En tanto, el defensor del acusado, que para la época del episodio tenía 17 años, pidió que su cliente sea absuelto por inimputable, ya que -afirmó- el día del hecho había ingerido drogas y fue incapaz de comprender la criminalidad de sus actos.

Durante la audiencia de alegato del debate, que se realiza en un tribunal de Menores, se leyó además un informe de la Asesoría de Menores realizado en base a las conclusiones de un psiquiatra forense, en el que se solicita tener en cuenta que el chico pudo haber sufrido al momento del hecho una "alteración transitoria de sus facultades mentales".

El joven sometido a juicio es Tulio Adorna, quien el 4 de octubre de 2003 disparó con una pistola con silenciador contra su padre, Alberto Adorna, de 50, y contra su hermano Germán, de 16, a quien mató en el ataque.

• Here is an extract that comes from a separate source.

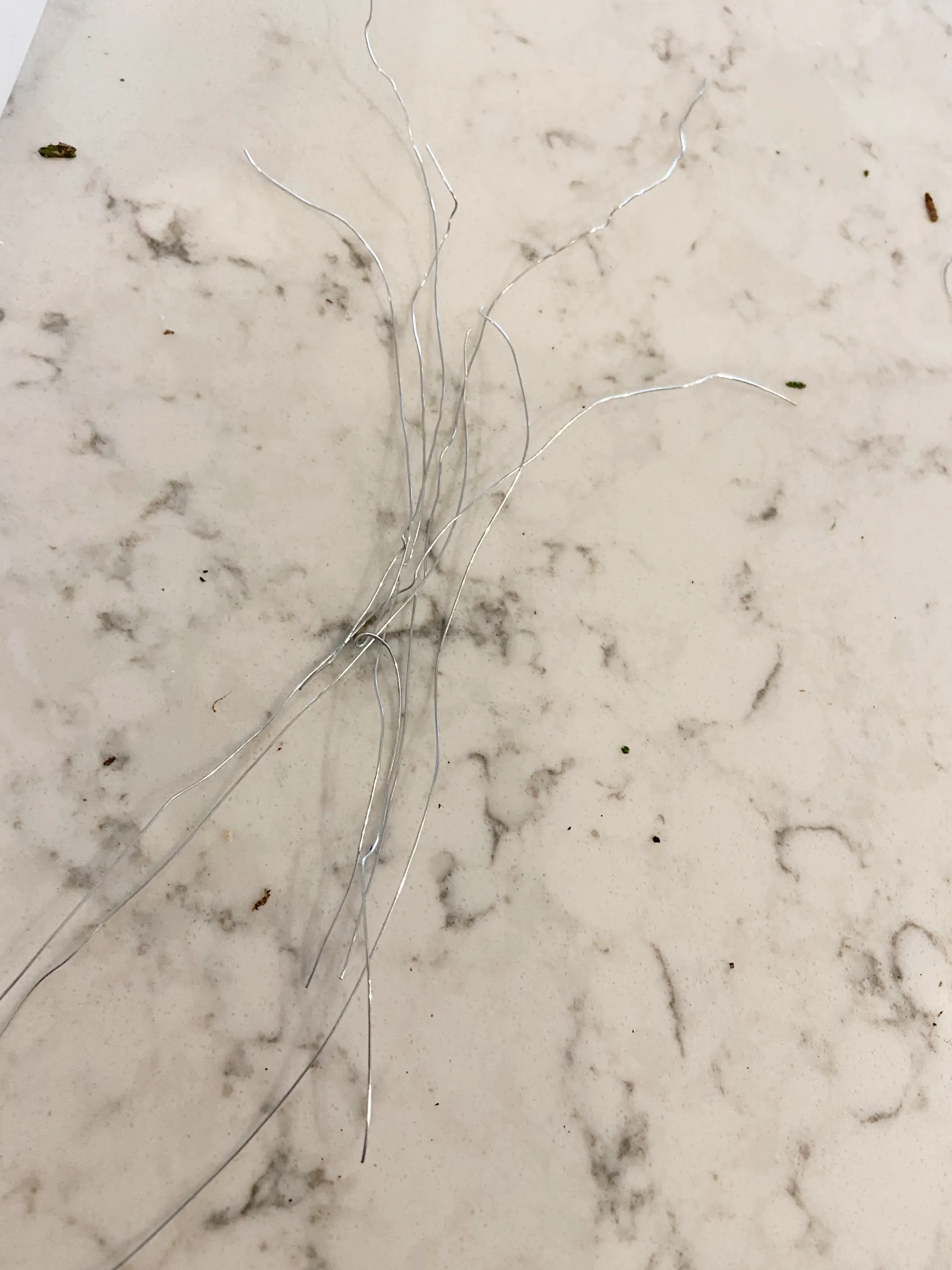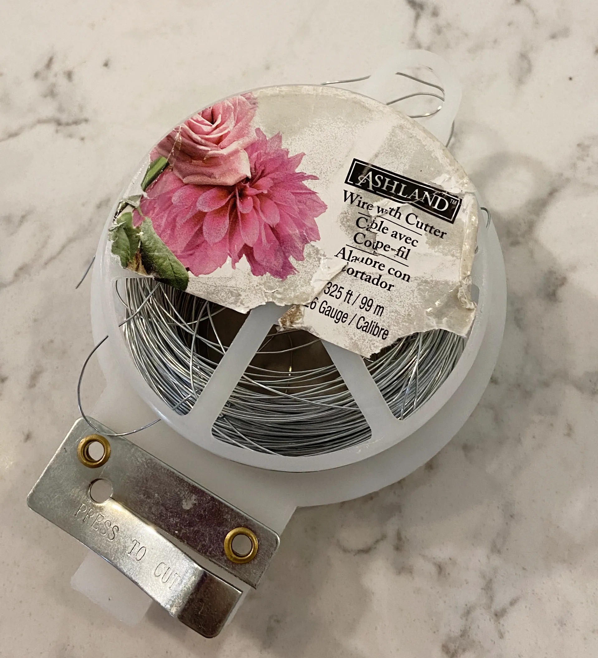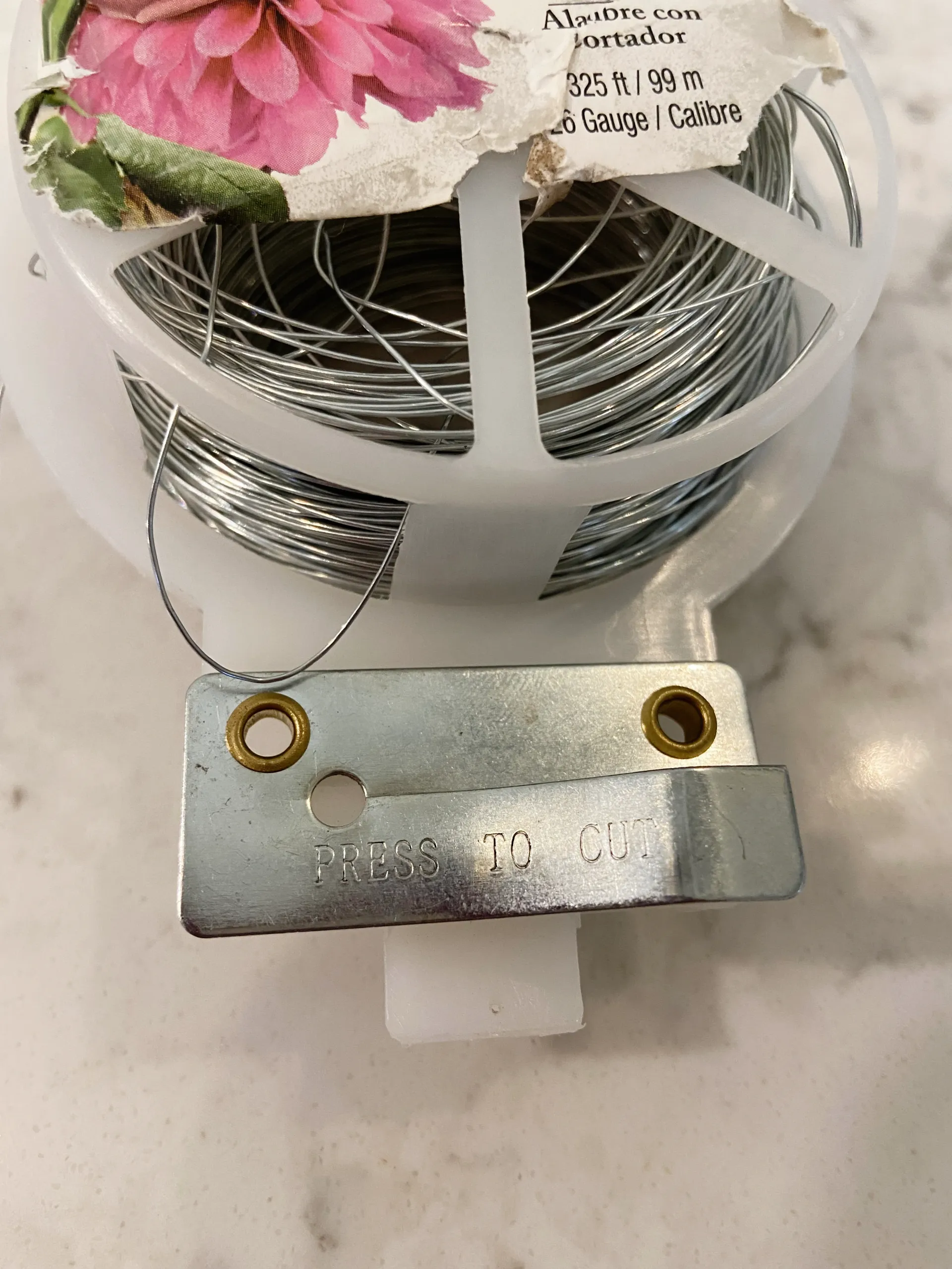 I used floral wire that I had in the house to hang it, but you could also use large twisty-ties, too, I bet! I pre-cut several about 5-6 inches long so they’d be ready for me to use.

En el mismo episodio el adolescente hirió a balazos a su madre, Alicia Travagliante, y una de sus abuelas, Catalina Dártoli, quienes resultaron con lesiones, aunque no de gravedad.

Durante los alegatos realizados ante el juez de Menores 2 de Rosario, Juan Leandro Artigas, a cargo del debate, la fiscal Alicia Donni de Donati solicitó que Adorna sea condenado a reclusión perpetua, al considerarlo penalmente responsable de doble
homicidio agravado por el vínculo, lesiones graves calificadas y tenencia de arma.

Por su parte, el denfesor Bedouret pidió al juez que dicte la falta de responsabilidad penal de Tulio, según le explicó el propio letrado a Télam.

Ahora el magistrado cuenta con 20 días para tomar una resolución, dictar el veredicto y, de ser condenatorio, la sentencia.

Durante la misma audiencia en la que se expusieron los alegatos de las partes, se leyó un informe de la Asesoría de Menores, basado en las conclusiones de un psiquiatra forense.

En ese informe se pide tener en cuenta que Adorna pudo haber sufrido al momento de cometer el doble crimen una "alteración transitoria de sus facultades mentales" y por ende podría "contemplarse la figura de homicidio atenuado por esa circunstancia".

El criterio del asesor de menores que redactó el informe es que el adolescente "no debe ser penado sino sometido a un tratamiento tutelar hasta los 21 años, para una posterior evaluación".

Pero en su alegato, la fiscal Donni de Donati recordó el dictamen del forense Carlos Elías, quien sostuvo que el joven homicida entendió el significado de la conducta asumida y destacó que en la primera etapa del proceso, y para autojustificarse, "mintió deliberadamente al aceptar que consumía compulsivamente variadas drogas, que los exámenes biológicos no corroboraron".

Bedouret, en cambio, al solicitar la inimputabilidad de su defendido, esgrimió el argumento de que el joven era incapaz en esos momentos de comprender sus actos, aludiendo a la ingesta de drogas y a la tensa situación existente por entonces en el seno de la familia Adorna.

La estrategia de la defensa se centró en los estudios psiquiátricos y psicológicos a los que fue sometido el joven, quien ahora tiene 19 años y que ayer concurrió a la audiencia acompañado de su madre.

Bedouret alegó que "la conclusión médica es que el chico tiene una patología mental grave", que "algunos médicos la definen con el nombre de fronteriza".